Happy New Year Qiime Community! ![]()
I'm new to qiime2 and to DADA2 and to analyzing ITS data.
I'm running qiime2-amplicon-2025.7 in a conda environment. Based on qiime2 forum recommendations, I'm using a UNITE database that includes all-eukaryotes and singletons and is the developer version: sh_refs_qiime_ver10_dynamic_s_all_19.02.2025_dev.fasta ![]()
I'm using mock fungal libraries to build and test an ITS1 Illumina amplicon sequence analysis pipeline with qiime2, with DADA2 to infer sample ASVs.
RESCRIPt has worked very well for me in filtering and evaluating a UNITE database, and evaluating the resulting naive-Bayes classifier. ![]()

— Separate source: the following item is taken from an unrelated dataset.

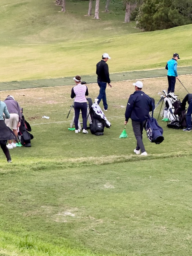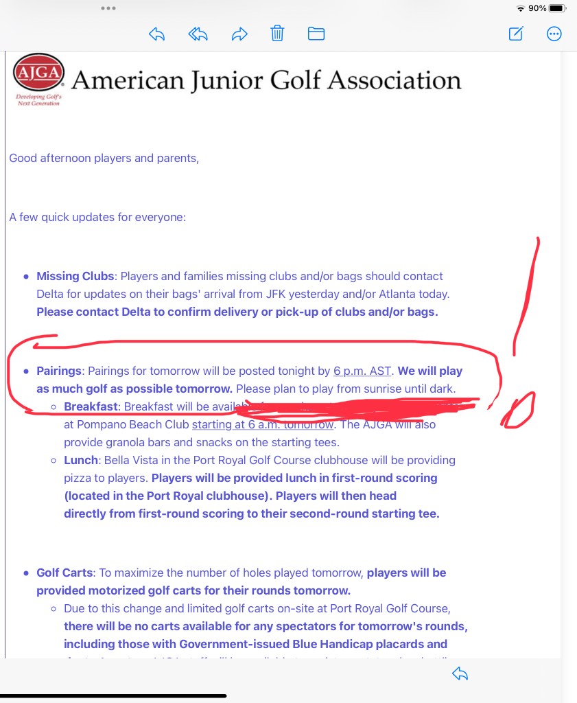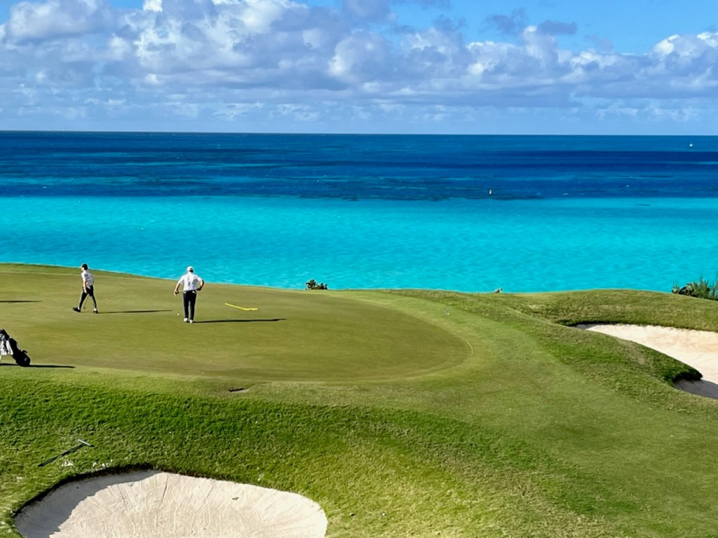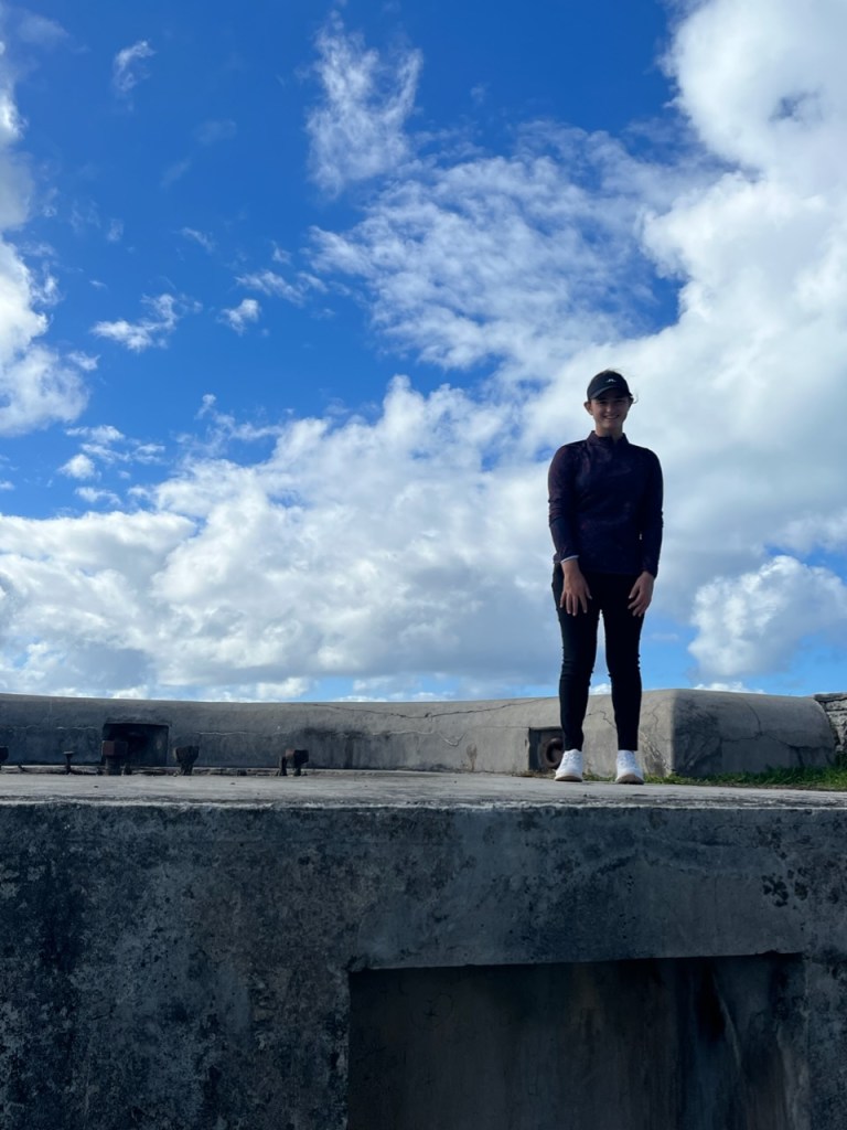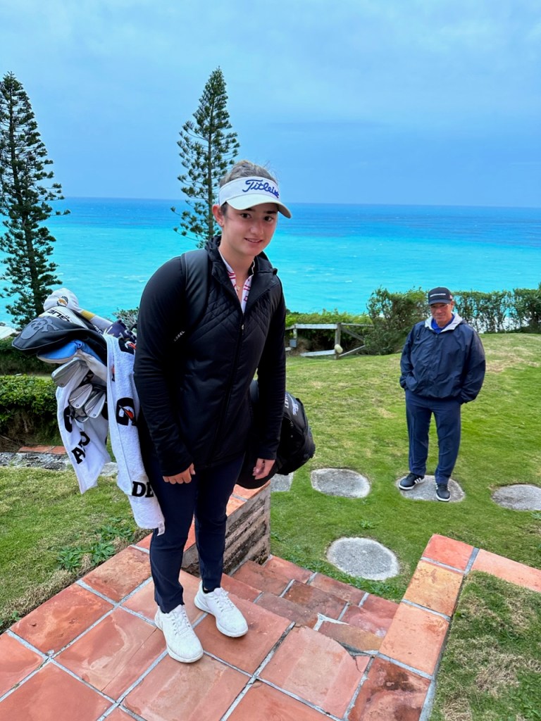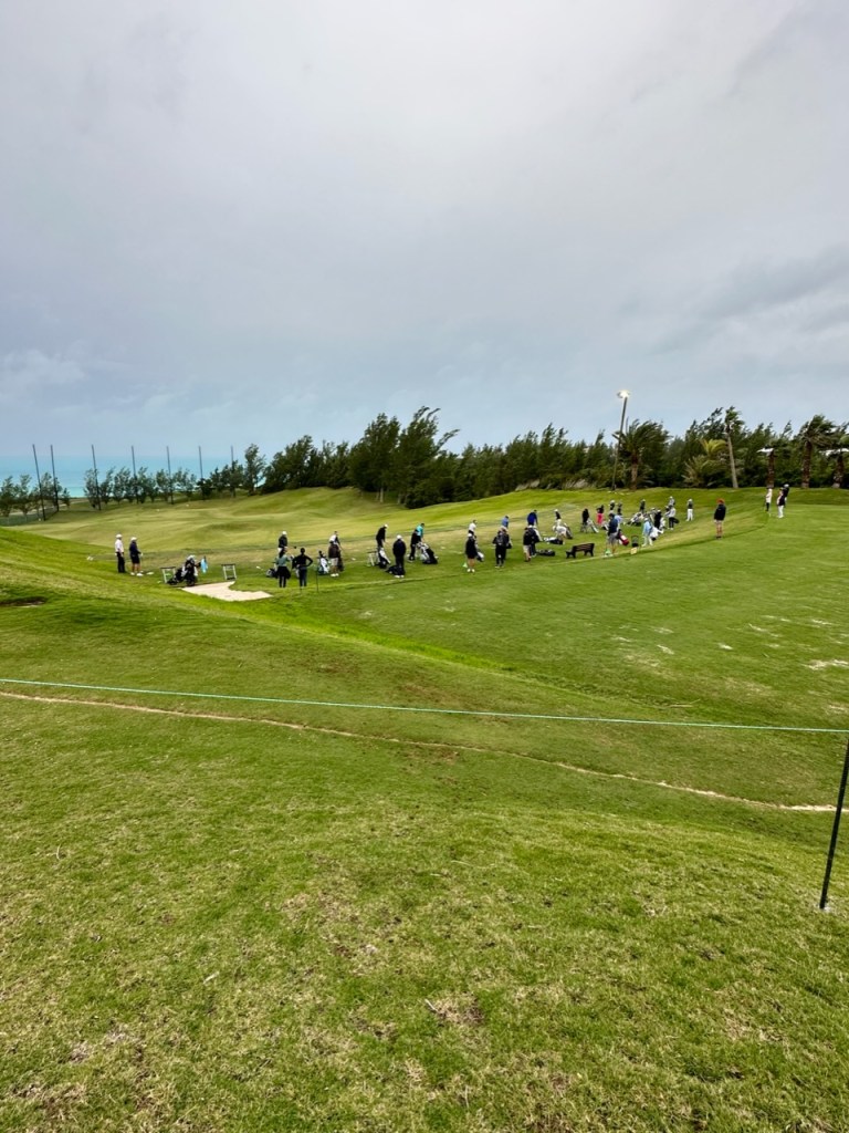 As of right now the weather in Bermuda is properly dark and stormy. Wind is blowing at a constant 51mph gusting to almost 70. Rain is driving sideways, furniture on the deck is banging against the walls, and the lights are flickering. B is warm and cozy after a hot shower with headsets on working away at her homework. She, Coach Carl and dad just came back from Hamilton where they had lunch. Definitely time for some rest for tomorrow is going to be a tough day. The AJGA just announced that they would provide pairings for the players at 6pm, and “Plan to play from Sunrise until Dark.” Certainly going to be hectic but this is what all of the training is about.

When I used the qiime rescript dereplicate action to dereplicate my UNITE db sequence file, I selected the default option of --p-mode 'uniq', which retains multiple different taxonomic attributions to a given identical DNA sequence.
My question is: I seem to have "over-classification" of at least one of my measured ASVs from the mock libraries, and I'm not sure if this is likely due to UNITE database de-replication mode, my classifier, or some other explanation. FWIW, this pipeline passed QC for DADA2 denoising and sample inference, and also RESCRIPt evaluation for db and classifier, as far as my understanding of tutorials has indicated.
By "over-classification", I mean that this ASV is 143 bp (seq below), and is classified as k__Fungi;p__Ascomycota;c__Dothideomycetes;o__Pleosporales;f__Didymellaceae;g__Neoascochyta by my pipeline. When I did a BLAST search of this DNA sequence, it had 100% identity and 100% query coverage to at least three different annotations: Neoaschocyta paspali, Aschochyta hordei, and Ustulina deusta.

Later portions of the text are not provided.